Il s’agit sûrement d’une ballade en forêt, dans une forêt méridionale, ainsi qu’en attestent la caillasse de calcaire blanc qui affleure au-delà d’un humus pauvre et fin sous une couverture d’épines de pins. Le côté cahoteux des chemins, les thalwegs rocheux, le ciel immaculé et le frais soleil d’hiver viennent encore renforcer cette impression. Je suis avec ma fille Ilana au sommet d’un promontoire, d’où je peux voir la lisière de la forêt, donnant directement sur une plage étroite de sable jaune.
Des éclats de voix parviennent jusqu’à nous, et suivant leur provenance, mon regard finit par tomber sur un camion militaire immobilisé sur la plage. Un autre camion kaki, de modèle différent, vient se planter devant lui, comme pour l’empêcher de partir, tandis qu’un étrange véhicule bleu métallisé, sur coussin d’air peut-être, aux loupiotes clignotant circulairement, arrive par la gauche en mitraillant joyeusement, et longuement, le premier camion.
Après la fin de la fusillade, une femme d’une trentaine d’années dans un uniforme que je ne reconnais pas, sort du second camion, et au ton de sa voix s’adressant aux hommes demeurés à l’arrière, je devine qu’elle les commande. Elle se saisit d’un talkie-walkie et entre en communication avec la soucoupe. De celle-ci bondit un officier à la tête de singe qui se dirige vers elle. Sa combinaison est bleu-pâle. Ils devisent un instant et cet officier hèle en direction de la soucoupe.
Quelques secondes plus tard, alors que tout reste immobile, deux autres singes en combinaison surgissent d’un sas, munis de deux grands bâtons qu’ils portent à leurs bouches.
Ils émettent alors des sons étranges…
- Gnap llap – gnap llap – gnap llap -
… de leurs langues synchronisées avec une petite languette mobile située à l’embouchure des bâtons, comme une anche. Pendant ce temps, leurs yeux s’agrandissent et deviennent argentés.
Il semble que ces instruments servent à deviner le contenu du camion immobilisé, par un jeu de miroirs peut-être, mais cette technologie semblerait très rudimentaire eu égard à leur moyen de locomotion et au souvenir présent que j’ai de la fusillade bleutée. Ilana reste sage à mon côté, comme hypnotisée par la scène. L’un des deux singes apostrophe son supérieur du rebord de la soucoupe :
- S’il y a quelque chose à l’intérieur, ce n’est pas humain, ce n’est pas…-
Une fumée sortant du moteur du premier camion interrompt sa phrase : je vois la femme commandant le premier camion fuir à toutes jambes, tandis que les trois singes paraissent littéralement suffoquer. Je vois leurs faces simiesques comme pétrifiées et penchées sur le côté, les yeux exorbités, la langue rouge pendant largement sur une commissure de leur gueule. Ce ne peut être que du gaz toxique qui s’épand du camion immobile.

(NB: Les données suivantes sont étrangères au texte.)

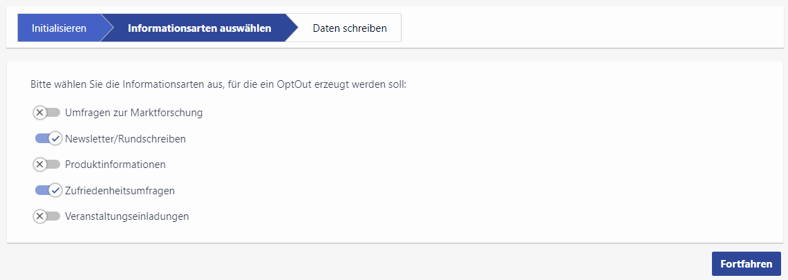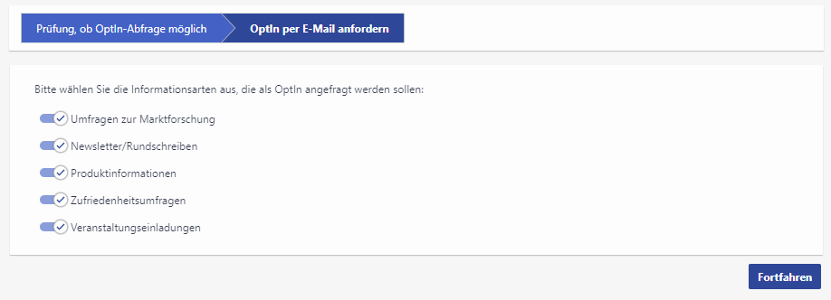 Bei einer Verneinung der Abfrage wird der OptIn-Prozess nicht gestartet. Bei einer Bestätigung wird der OptIn-Prozess gestartet und der Anwender erhält eine Auswahl der Informationsarten (z.B. Newsletter, Veranstaltungseinladungen), die angefragt werden können. Besteht bereits ein Consent-Datensatz zu einer Informationsart, steht diese Informationsart in der Auswahl nicht mehr zur Verfügung.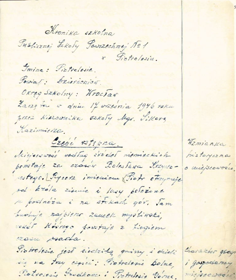 3 IX 1945 - Pierwsze posiedzenie Rady Pedagogicznej w nowo utworzonej Szkole Podstawowej nr 1, lokalizacja szkoły przy ul. Noworudzkiej nr 106.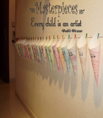 -. Title : Children Wall Decal Masterpieces Vinyl wall sticker for kids art display Every Child is an Artist Pablo Picasso Quote and

Je réagis vite et prends en compte la faiblesse de la brise marine.
Ilana vivement prise dans les bras, je cours en sens inverse de la plage et entre dans une vaste clairière désolée. Quelques secondes plus tard, un bruit de moteur attise mon inquiétude. Je le vois, à deux virages de nous : c’est le même modèle que le camion militaire immobilisé sur la plage. Je bondis avec Ilana dans le bas-côté, un talus à la pente très raide. Si les cailloux et la terre sèche ne nous atteignent pas, la végétation méditerranéenne demeure rase ; un plan de thym, un épineux maigrelet et un laurier livide sont nos seuls abris. Les hauts essieux du camion qui arrive font le reste : un homme de type européen, brun et mal rasé, nous voit, malgré nos efforts pour descendre encore plus bas dans la ravine, comme une étoile argentée en haut d’un sapin de Noël, et il sourit.
Dans le bruit du camion au ralenti, il sourit, et dans l’ignorance de ses intentions, je serre ma fille contre moi.